Aslı Nur Akaydın
Bakterilerin insan beyninde yaşamaları mümkün ve bunun akıllara durgunluk veren bazı sonuçları olabilir!
Bakteriler her yerdeler; bu sabah dokunduğunuz kaygan merdiven tırabzanlarından okyanusların diplerine dek, bağırsak kanalınızda mutlu yaşamlarına devam eden trilyon dolusu bakteriyi de unutmayalım. Ancak, uzun süredir sağlıklı bir insan beyninin bakteri dünyasından uzakta güvenli bir sığınak olduğu düşünülüyordu.
Şimdi ise, devrim yaratıcı bir potansiyel taşıyan bir araştırma, beynimizde bakterilerin var olduğunu ortaya koyuyor ve bu akıllara durgunluk verecek bazı sonuçlar doğurabilecek bir keşif. Bu ön çalışma kesin olarak doğruysa, bağırsak bakterilerinin beynimizin işlevleri, davranışlarımız ve duygularımız üzerine olan bariz etkisini de açıklayabilir.
Alabama Üniversitesi’nden bir grup nörobiyolog, ön çalışmalarının bulgularını Society for Neuroscience’ın yıllık toplantısında sundular.
Beyinin kendi mikrobiyotasına sahip olduğu fikri bir süredir ortalıkta dolaşmaktaydı, ancak bilim insanları şimdiye kadar sağlam kanıtlar elde edememişlerdi. Bu çalışmada, 34 insan beyni otopsisinden örnekleri incelediler – Science’a göre bunların yarısı şizofreni hastalarına aitti- ve tüm beyinlerin değişen miktarlarda çubuk şekilli bakteriler içerdiğini keşfettiler. Bakterilerin çoğu substantia nigra, hipokampüs ve prefrontal korkteksteydi, az miktarı da striyatumdaydı.

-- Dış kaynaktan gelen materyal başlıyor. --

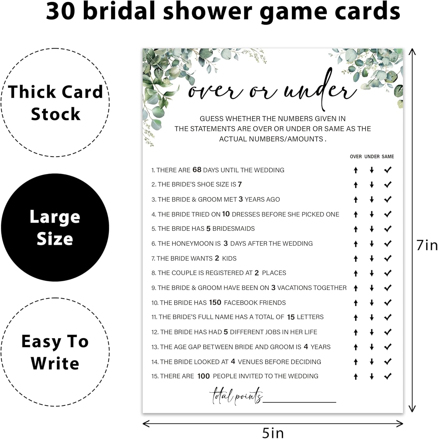 Eucalyptus Bridal Shower Game Cards - Over or Under, Wedding Engagement Bachelorette Party Bridal Shower Games for 30 Guests, Double Sided Cards Set of 30, Activity Supplies & Favor/A02
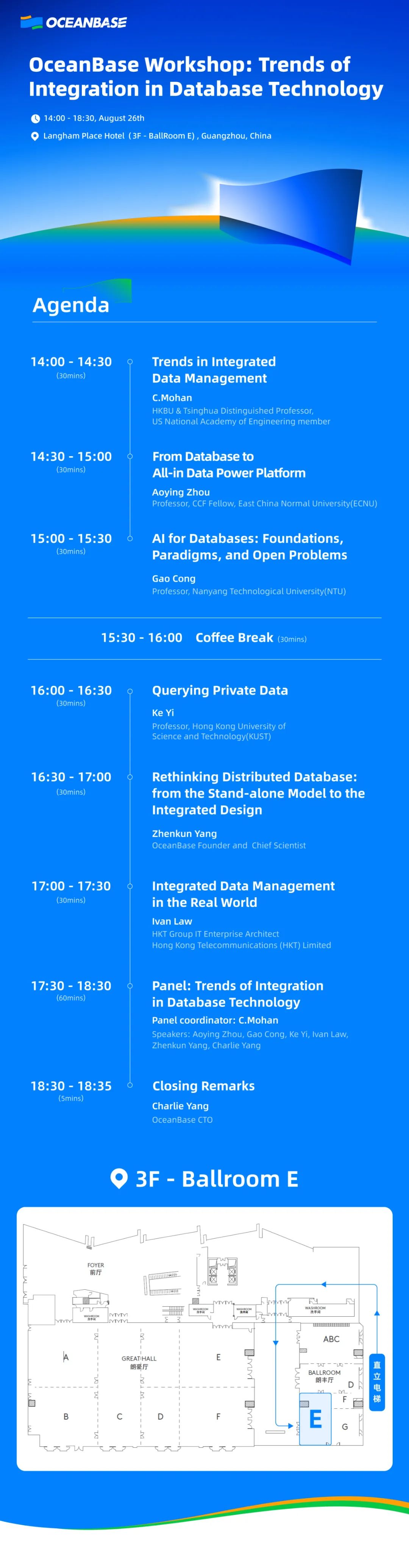 OceanBase CTO 杨传辉将携手 C.Mohan、阳振坤、周傲英、丛高、易珂等海内外知名数据库领域顶尖学者,以及代表工业界最前沿用户实践的香港电信代表嘉宾 Ivan Law,带来数据库一体化技术专场 workshop,倾听学界和工业界的不同声音,在思想碰撞中共同探索数据库技术的未来。
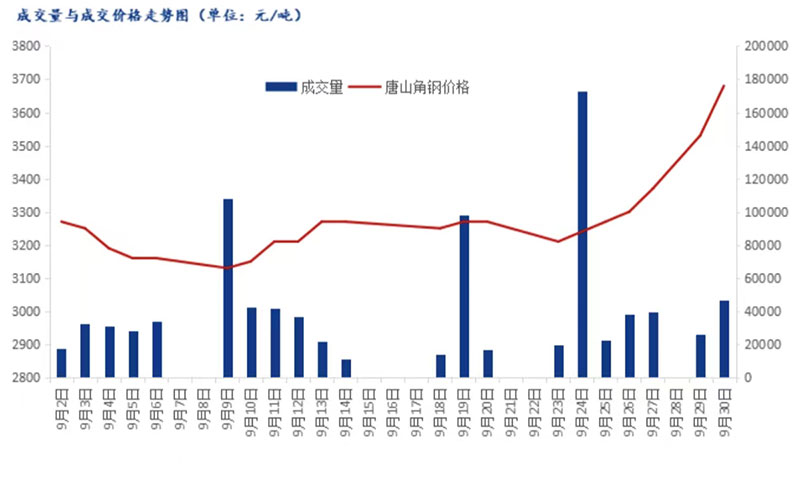 圖2:唐山型鋼成交量與角鋼價格走勢圖(單位:元/噸)唐山型鋼成交日度數(shù)量來看,成交集中在低價階段,隨著價格拉漲,成交量呈現(xiàn)縮量,當(dāng)然考慮市場上漲情緒熱烈,部分市場以及貿(mào)易商封庫惜售,總體而言,價格與成交量的絕對差值在曲線上呈現(xiàn)拉大趨勢;從調(diào)研來看,市場鎖價資源較多,鋼廠庫存去庫要大于社會庫存去庫,鋼企資源呈現(xiàn)供小于求的狀態(tài),部分鋼企現(xiàn)貨清空后甚至兜售遠(yuǎn)期排產(chǎn)資源,反觀貿(mào)易商除了前期清低價庫存以外就是鎖貨惜售,因此預(yù)計9月底至國慶假期,型鋼廠庫與社庫出現(xiàn)明顯分化,社庫將會呈現(xiàn)累庫,而廠庫整體進(jìn)一步去化。這對于市場更為關(guān)心的國慶假期后價格漲跌帶來不確定因素。

“İnsan ya da hayvanlarda; bakteriler, beyine bağırsaktan veya genizden gelip yerleştikten sonra yaşamlarına devam ediyorlarsa, bu kesinlikle devrim yaratacak bir şey.” diye söyledi Birmingham’daki Alabama Üniversitesi’nden başyazar Dr. Rosalinda C Roberts.
Bakterilerin varlığının, ölümden sonra bağırsak bakterilerinin beyne sızmış olmalarından kaynaklanma olasılığını ortadan kaldırmak için araştırmacılar daha sonra tamamen aynı süreçten geçirilmiş olan steril farelerin beyinlerini incelediler ve bakterilerle bir kontaminasyon olmadığını buldular. Bu -kesin olmamasına rağmen- insan beyinlerinin ölümden sonra kontaminasyon dolayısıyla bakteri içermediklerini gösteriyor.
Belki de hepsinden ilginç olanı, bakteriler bağırsakta görülenlerle aynı tür bakterilerdi; Firmicutes, Proteobacteria ve Bacteroidetes gibi.
Beyinde bakterilerin tespit edilmesi, özellikle de beynin kan damarlarının yakınında bir sınır görevi görerek beyini istenmeyen istilacılara karşı koruyan bir hücreler duvarı olan kan-beyin bariyerinden ötürü daha da merak uyandırıcı. Eğer bakteri gibi herhangi bir patojen bu bariyeri aşabiliyorsa hayati tehlike oluşturan bir iltihaba yol açabilir. Ancak bu yeni keşfedilen bakterilerin görünüşe göre böyle bir etkisi yok.
Öyleyse, bu bakteriler beyine nasıl girebildiler? Bağırsaktan mı geldiler? Beyin aktivitesine bir şekilde etki ediyorlar mı? Araştırmanın henüz erken aşamaları olduğundan, bilim insanları bu soruların hiçbirine kesin cevap veremiyorlar. Yine de, “beyin mikrobiyomu” hakkında yapılacak ileri çalışmalarla bakteriler bağırsaklarımız ve beyinlerimiz arasındaki derin ve gizemli ilişkinin sırlarını aralamayı umut ediyorlar.
“Bu çalışmalar henüz başlangıç aşamasında” diye uyarıyor Roberts. “Bu sonuçlar karşısında temel olarak iki tepki verdim: dizginlenemez bir heves ve temkin. Tüm bilimsel çalışmalarda geçerli olduğu gibi, bunların da detaylı olarak gözden geçirilip yayınlanması ve şüphelerin ortadan kaldırılması için tekrarlanmaları gerekecek.”